OmniCap-IF: 옴니 비디오 캡셔닝의 명령 수행 능력 벤치마킹 및 개선

초록

전방위 모달 대규모 언어 모델(OLLM)은 오디오와 시각적 스트림을 공동으로 처리하는 데 인상적인 능력을 입증했지만, 복잡하고 다면적인 사용자 명령을 엄격히 따르는 능력은 여전히 거의 탐구되지 않은 상태이다. 기존 벤치마크는 주로 전체적인 비디오 이해나 텍스트 전용 명령 수행에 초점을 맞추어, 모달과 사용자 제약 간의 복잡한 상호 작용을 포착하지 못한다. 이러한 격차를 해소하기 위해, 우리는 전방위 모달 캡셔닝에서 명령 수행 능력을 평가하도록 특별히 설계된 최초의 포괄적인 벤치마크인 OmniCap-IF를 도입한다. OmniCap-IF는 형식 정확성과 내용 정확성이라는 두 가지 차원에서 캡션을 평가하는 체계적인 프레임워크를 포함한다. 우리의 벤치마크는 순수 시각, 순수 오디오, 오디오-시각 모달에 걸쳐 50가지의 고유한 제약 유형을 포괄하며, 시공간적 정밀도를 평가하기 위해 시간적 접지를 통합한다. 주요 모델들을 1,920개의 고품질 샘플로 광범위하게 평가한 결과, 상당한 성능 격차가 드러났다. 또한, 우리의 분석은 중요한 "형식-내용 트레이드오프"를 발견하여, 형식 복잡성 증가가 모델의 전방위 모달 추론 능력을 직접적으로 저하시킨다는 것을 보여준다. 마지막으로, 이 분야를 발전시키기 위해 우리는 54K 규모의 명령 튜닝 데이터셋인 OmniCap-IF-54K를 구축하고 OmniCaptioner-IF를 제시하며, 이는 복잡한 명령 준수와 일반적인 전방위 모달 캡셔닝 성능 모두에서 눈에 띄는 개선을 달성한다.

English

While Omni-modal Large Language Models (OLLMs) have demonstrated impressive capabilities in jointly processing audio and visual streams, their ability to strictly adhere to complex, multi-faceted user instructions remains largely unexplored. Existing benchmarks primarily focus on holistic video understanding or text-only instruction following, failing to capture the intricate interplay between modalities and user constraints. To bridge this gap, we introduce OmniCap-IF, the first comprehensive benchmark specifically designed to evaluate instruction-following capabilities in omni-modal captioning. OmniCap-IF incorporates a systematic framework that assesses captions on two dimensions: format correctness and content correctness. Our benchmark encompasses 50 distinct constraint types across pure visual, pure audio, and audio-visual modalities, while integrating Temporal Grounding to assess spatio-temporal precision. Extensive evaluations of prominent models on 1,920 high-quality samples reveal significant performance disparities.

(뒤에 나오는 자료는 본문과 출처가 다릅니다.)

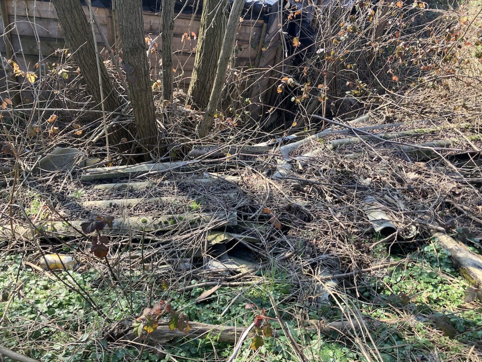 Le dépôt est le long de la clôture d'un jardin privé (qui a fait l'objet de beaucoup d'aménagements), côté route, sur l'espace public.
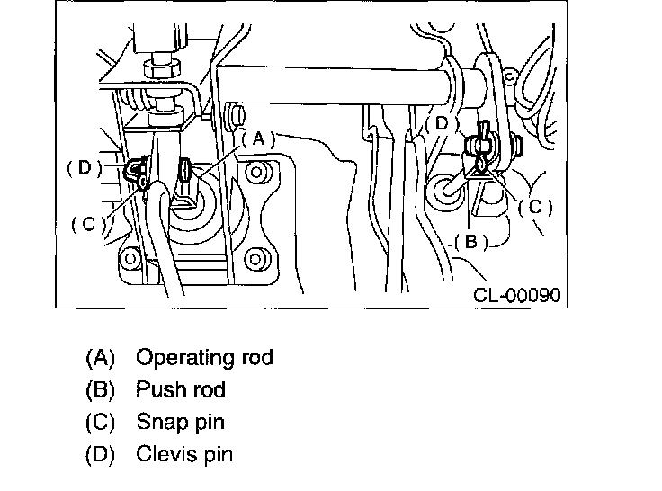 3. Remove the snap pins which secure lever to push rod and operating rod.
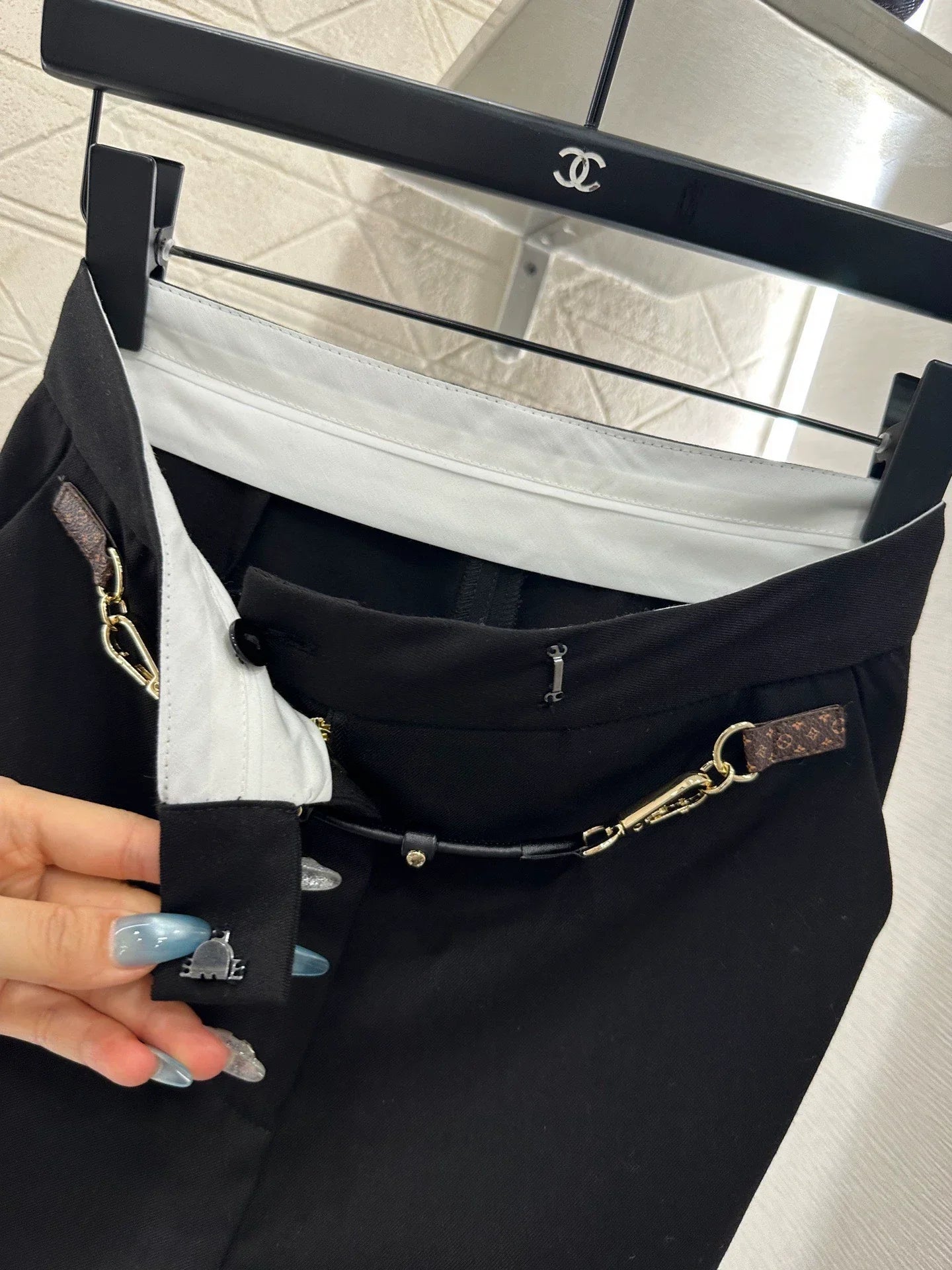 Exquisite imitation wool material, glossy texture, full of drape, high waisted straight pencil pants, decorated leg shape, slimming and slender, leather floral chain buckles on both sides of the waist, drape increases the sense of layering, the design is not picky about body shape, inclusive and slimming, loose and stylish dressing, essential items for autumn and winter, daily commuting
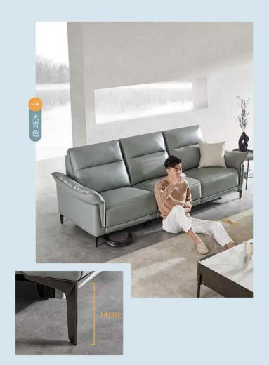 “云梦”系列的设计灵感源自中国传统美学中“云卷云舒”的诗意想象。沙发以“天青色”为主色调,搭配14公分轻奢亮枪色金属高脚,淡雅中透出低调奢华。设计师通过双层捏边工艺,塑造出如天鹅展翅般的飞翼扶手,线条灵动流畅,仿佛将云海翻涌的瞬间凝固于家居空间中。天然羽毛填充的扶手部分,不仅触感柔软透气,更在视觉上营造出轻盈的悬浮感,呼应“云梦之上,乐享韶华”的主题。
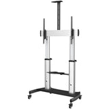Il supporto per TV Startech STNDMTV100 è un robusto carrello mobile da pavimento progettato per schermi di grande formato, compatibile con televisori da 60” a 100” (da 152,4 cm a 254 cm) e in grado di sostenere un peso massimo di 100 kg. Questo supporto universale offre una base ampia di 1,22 m per 71 cm che garantisce la stabilità necessaria per spostare in sicurezza schermi grandi in ambienti come aule, uffici o spazi educativi. L’altezza è completamente regolabile tra 1,2 m e 1,68 m dal pavimento al centro del televisore, permettendo di configurare lo schermo all’altezza ottimale per ogni visualizzazione, con indicatori che facilitano regolazioni precise e utili per impostazioni ripetibili in diverse postazioni. Inoltre, l’angolo di inclinazione del televisore può variare tra +5° e -10° per ottimizzare la visibilità e ridurre fastidiosi riflessi in base alle condizioni di illuminazione ambientale. Per completare la funzionalità, il supporto include due mensole indipendenti regolabili, ideali per dispositivi audiovisivi come webcam e altri apparecchi multimediali, con una capacità di carico fino a 5 kg ciascuna. La mensola superiore si alza fino a 2,37 m e quella inferiore fino a 90 cm, facilitando un’organizzazione pratica e accessibile delle apparecchiature aggiuntive. Realizzato con materiali resistenti, questo supporto si distingue per durabilità e robustezza, perfetto per uso frequente e spostamenti continui in ambienti professionali o educativi. Il design integra un sistema di gestione cavi che mantiene l’area ordinata e senza grovigli, offrendo una finitura pulita e funzionale. Il supporto è disponibile nei colori nero e argento, adattandosi esteticamente a diversi spazi e stili. La compatibilità con interfacce di montaggio da 200 x 200 mm a 1000 x 600 mm assicura versatilità per vari modelli di televisori. In sintesi, il Startech STNDMTV100 è una soluzione mobile, solida e regolabile che facilita la gestione e l’installazione di schermi grandi, pensata per ambienti professionali dove mobilità e stabilità dell’attrezzatura audiovisiva sono essenziali.
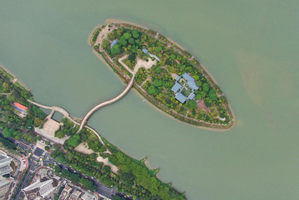 2021年4月8日拍摄的江心岛书院所在的广东清远清城区北江的江心岛(无人机照片)。新华社记者 邓华 摄
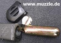 sich der Magazinboden abnehmen. Darunter befindet sich der Kammerverschluss. Der Magazinboden ist als Werkzeug ausgelegt mit dem man die Verschluss-Schraube beim Öffnen und Schließen leichter drehen kann.
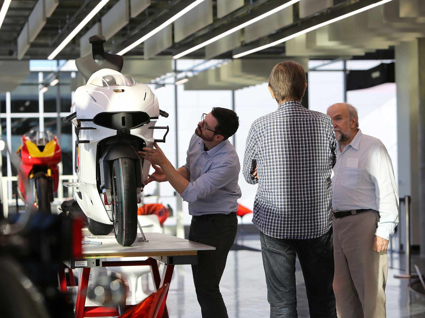 Um seine Ideen zu evaluieren, hat er einen nicht fahrbereiten, aber maßstabsgetreuen Prototyp gebaut, eine New Supermono, wenn man so will, deren Teile aus dem großen HP 3D-Drucker des Barber Design Centers stammen, größtenteils aus einem Nylonmaterial. Die Arbeit mit CAD ist zwar schnell, aber nichts regt den Verstand so sehr an wie ein maßstabsgetreues 3D-Objekt - der Grund, warum bei der traditionellen Stylingentwicklung Ton und Holz verwendet wurden. Der 3D-Drucker sorgt für mehr Genauigkeit, Geschwindigkeit und die Möglichkeit, die Entwürfe digital zu speichern.
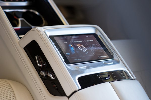 Az Executive Lounge a hátsó üléshez rendelhető dőzs-csomag – hátrébb dönthető a támla és felrakható a lábunk, gombnyomásra. A középső könyöklő tetején egy Samsung tablet. A koreaiak is rájöhettek, miről szól a luxus: eszelősen túl kell árazni a terméket, és máris elfogadják a felsőbb körökben. A portugáliai sajtóbemutató luxusszállodájának luxuslakosztályihoz meg LG Nexus telefon tartozott. Az autóipar egyelőre arra van rágörcsölve, hogy a nemzetközi bemutatóra a fedélzeti elektronika működjön Iphone-nal, de ennek úgy látszik, vége. A hátsó tabletet kis szervómotor adja ki, ha kézből vezérelnénk, felszereltségtől függően az ülés beállításait, a klímát, a fitneszt vagy a hifit, de a műszerfal is megjeleníthető a főnökhelyen, sebességgel, fogyasztással. Az első ülésekhez tartozó középső könyöklőben van indukciós telefontöltő: csak belenyomjuk a résbe a nyomorult kínai androidos szaromat, és kábel nélkül tölti: világít a két led. A korszak persze még átmeneti, mert a BMW Iphone-t is adott a tesztautókhoz, de azt csak egy megfelelő tokba helyezve lehet indukciósan töltögetni.
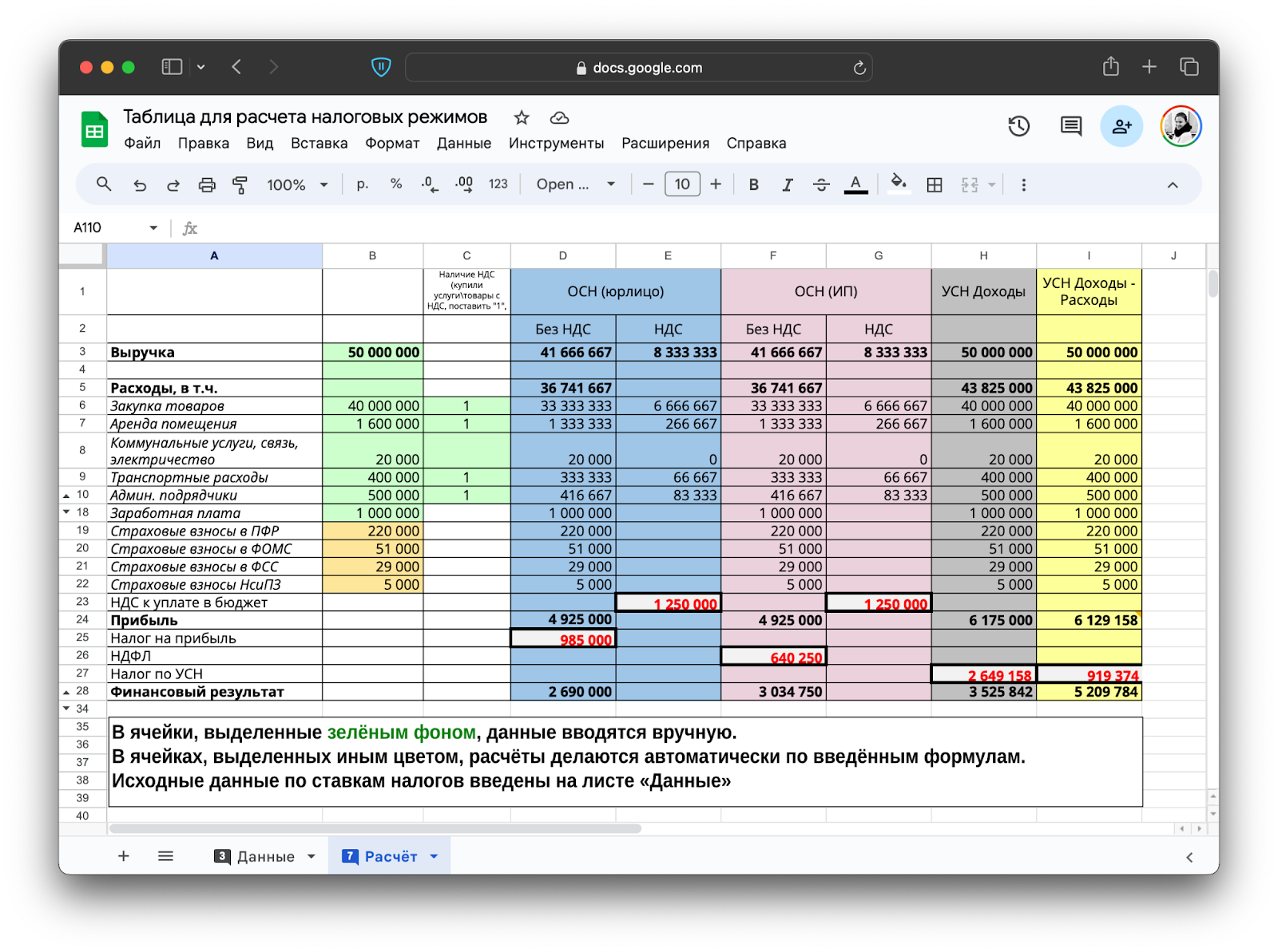 Чтобы правильно выбрать систему налогообложения, нужно для каждой из них рассчитать планируемые доходы и расходы бизнеса и сравнить результат. Финдиры Нескучных для этого используют эксель-таблицу:

Furthermore, our analysis uncovers a critical "format-content tradeoff", demonstrating that increasing formatting complexity directly degrades models' omni-modal reasoning abilities. Finally, to advance the field, we curate a 54K instruction-tuning dataset, OmniCap-IF-54K and present OmniCaptioner-IF, which achieves notable improvements in both complex instruction adherence and general omni-modal captioning performance.